US 11,948,356 B2
Object location determination in frames of a video stream
Volodya Grancharov, Solna (SE); and Arvind Thimmakkondu Hariraman, Solna (SE)
Assigned to TELEFONAKTIEBOLAGET LM ERICSSON (PUBL), Stockholm (SE)
Appl. No. 17/295,113
Filed by Telefonaktiebolaget LM Ericsson (publ), Stockholm (SE)
PCT Filed Nov. 21, 2018, PCT No. PCT/EP2018/082119
§ 371(c)(1), (2) Date May 19, 2021,
PCT Pub. No. WO2020/104028, PCT Pub. Date May 28, 2020.
Prior Publication US 2022/0004771 A1, Jan. 6, 2022
Int. Cl. G06V 20/20 (2022.01); G06F 18/214 (2023.01); G06F 18/2415 (2023.01); G06V 10/44 (2022.01); G06V 10/764 (2022.01); G06V 10/774 (2022.01); G06V 10/82 (2022.01); G06V 20/40 (2022.01)

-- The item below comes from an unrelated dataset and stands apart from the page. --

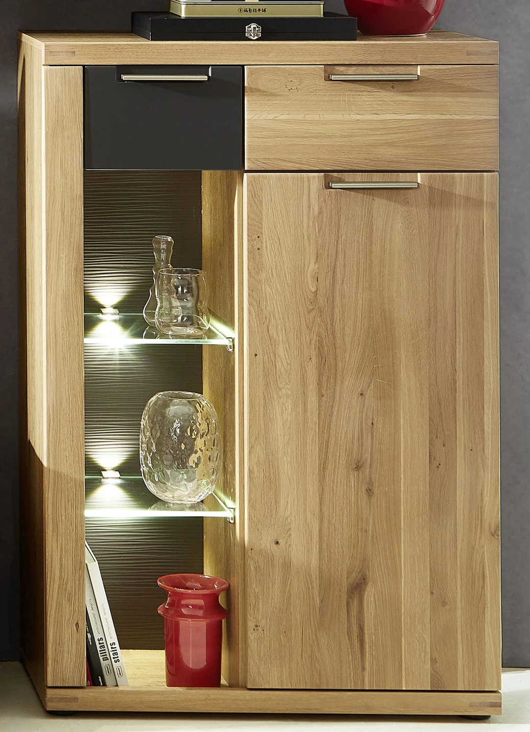 Zeitlos elegante Möbelserie mit besonders schönen Massivholz-Fronten in Wildeiche Bianco mit durchgehender Lamelle, Korpus in Wildeiche Bianco Nachbildung sowie Absetzungen und strukturierten Rückwänden in Graphit. Der Clou ist die tolle LED-Beleuchtung in den Vitrinen (Leuchtmittel fest verbaut, nichtaustauschbar). Alle Schubladen mit Selbsteinzug und Softclose ausgestattet. Türen mit Softclose. Mit Metallgriffen, Aluminium gebürstet. Auf runden, schwarzen Kunststoffgleitern. Mit Aufbau-Anleitung zur einfachen Selbstmontage

CPC G06V 20/20 (2022.01) [G06F 18/214 (2023.01); G06F 18/2415 (2023.01); G06V 10/454 (2022.01); G06V 10/764 (2022.01); G06V 10/774 (2022.01); G06V 10/82 (2022.01); G06V 20/41 (2022.01); G06V 20/46 (2022.01)] 21 Claims
OG exemplary drawing
 
1. An object locator, comprising:
processing circuitry; and
memory comprising instructions executable by the processing circuitry whereby the object locator is operative to:
apply, for at least one frame of a video stream, a context-based object classifying model to a set of object location representations, derived from an object detection applied to the at least one frame, to obtain a context-adapted classification probability for each object location representation of the set; wherein each object location representation of the set defines a region of the at least one frame; wherein each context-adapted classification probability represents a likelihood that the region of the at least one frame defined by the object location representation comprises an object; wherein the context-based object classifying model is generated based on object location representations from previous frames of the video stream; and
determine, for each object location representation of at least a portion of the set, whether the region of the at least one frame defined by the object location representation comprises an object based on the context-adapted classification probability and a detection probability;
wherein the detection probability is derived from the object detection and represents a likelihood that the region of the at least one frame defined by the object location representation comprises an object.